Remark 2. Ferdinand Ihringer informed us that the construction above contains an induced copy of the Petersen graph when
$p=2$
and
$h=3$
, and he thinks that, in general, Kopparty’s construction contains many copies of the Petersen graph. Nevertheless, it is still might be true that
$\mathrm{exp}(\textbf{P}) = \frac{2}{3}$
.
Our next result about
$K_{2,3}$
was motivated by an old problem of Erdős [Reference Erdős19], which asks if
\begin{align*} \mathrm{ex}(n,\{K_3, C_4\}) = \left (\frac{1}{2\sqrt{2}}+o(1)\right )n^{3/2} \end{align*}
is true. A construction due to Parsons [Reference Parsons33] for the lower bound comes from the Erdős–Rényi graph by removing half of its vertices.

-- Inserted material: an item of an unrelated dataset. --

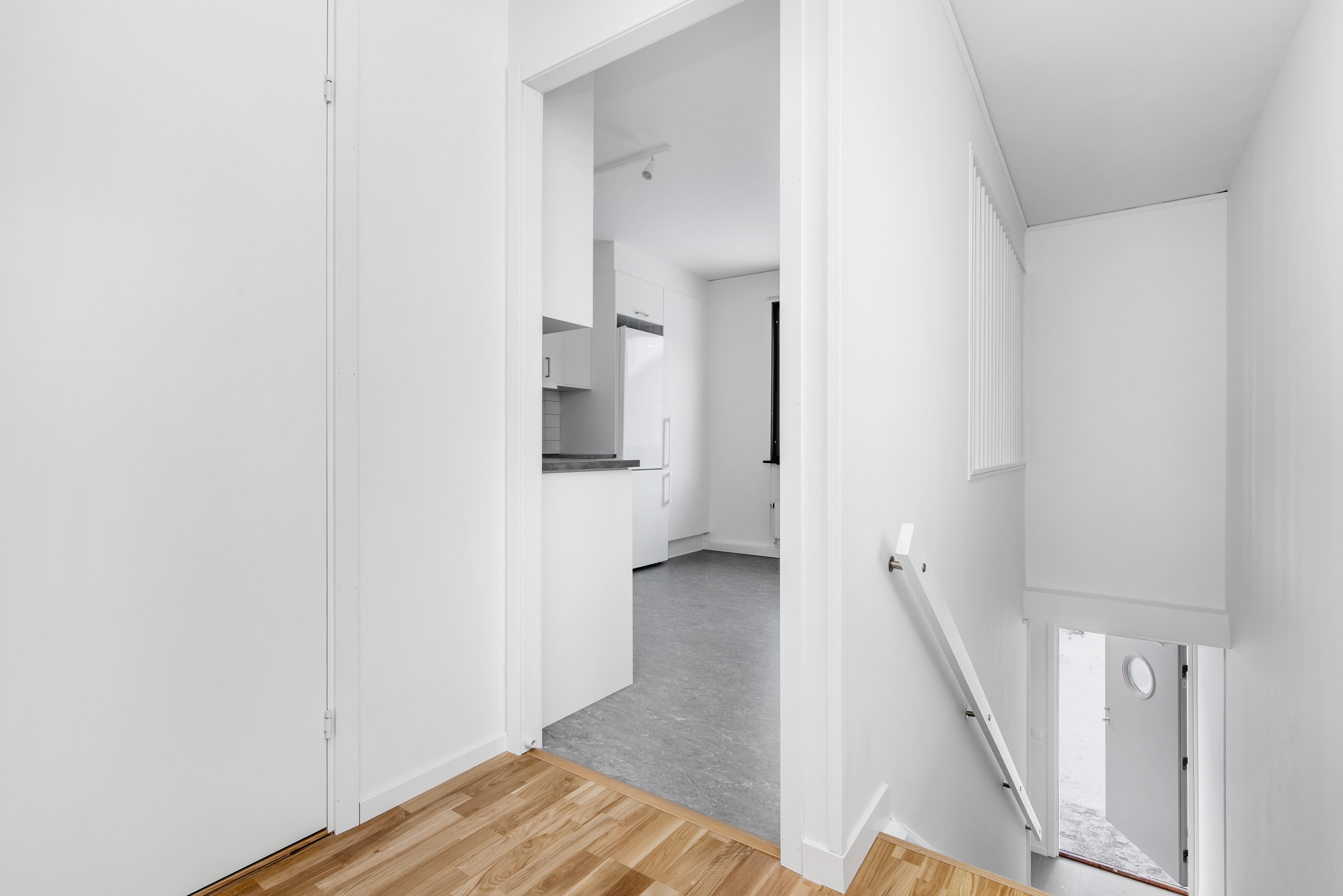 Lägenheten består av: Praktisk hall med egen ingång, klinker vid ytterdörren och plats för klädupphängning samt liten hall på övre plan med plats för mindre möblemang.

Since the Erdős–Rényi graph is optimally pseudorandom, Parsons’ construction also implies that
$\mathrm{ex}_{\mathrm{rand}}(n,C,\{K_3, C_4\}) \ge \left (\frac{1}{2\sqrt{2}}+o(1)\right )n^{3/2}$
for some absolute constant
$C$
. In [Reference Allen, Keevash, Sudakov and Verstraëte1], Allen, Keevash, Sudakov, and Verstraëte proved that the extremal constructions for
$\mathrm{ex}(n,\{K_3, K_{2,t}\})$
cannot be bipartite for every
$t\ge 3$
by constructing a
$\{K_3, K_{2,t}\}$
-free graph whose number of edges is greater than the maximum number of edges in a
$\{K_3, K_{2,t}\}$
-free bipartite graph. However, their construction is
$(t-1)$
-partite, and therefore it does not give a lower bound for
$\mathrm{ex}_{\mathrm{rand}}(n,C,\{K_3, K_{2,3}\})$
. The previous best lower bound is
\begin{equation*}\mathrm {ex}_{\mathrm {rand}}(n,C,\{K_3, K_{2,3}\})\ge \mathrm {ex}_{\mathrm {rand}}(n,C,\{K_3, C_4\})\ge \left (\frac {1}{2\sqrt 2}-o(1)\right ) n^{3/2}\end{equation*}
that follows from Parsons’ construction. We improve this and present a construction of the densest known
$\{K_3, K_{2,3}\}$
-free pseudorandom graphs.
Theorem 1.5.
We have
$\mathrm{ex}_{\mathrm{rand}}(n,2,\{K_3, K_{2,3}\}) \ge \left (\frac{1}{2}-o(1)\right )n^{3/2}$
.
Remark 3. Thang Pham pointed out to us that the following constructionFootnote 1 also provides a lower bound for
$\mathrm{ex}_{\mathrm{rand}}(n,2,\{K_3, K_{2,3}\})$
. Let
$q$
be an odd prime power. The distance graph
$D$
on
$\mathbb{F}_{q}^2$
is a graph whose vertex set is
$\mathbb{F}_{q}^2$
, and two points
$(x_1,x_2), (y_1, y_2)$
are adjacent iff
$(x_1-y_1)^2+(x_2-y_2)^2=1$
. The
$K_{2,3}$
-freeness of
$D$
follows from the fact that any two cycles have at most two points in the intersection. The
$K_3$
-freeness of
$D$
follows from results in [Reference Bennett, Iosevich and Pakianathan8]. The pseudorandomness of
$D$
follows from results in [Reference Iosevich and Rudnev22]. Additionally, a referee informed us that constructions in an even earlier work by Bannai et al. [Reference Bannai, Shimabukuro and Tanaka7] also satisfy the desired properties.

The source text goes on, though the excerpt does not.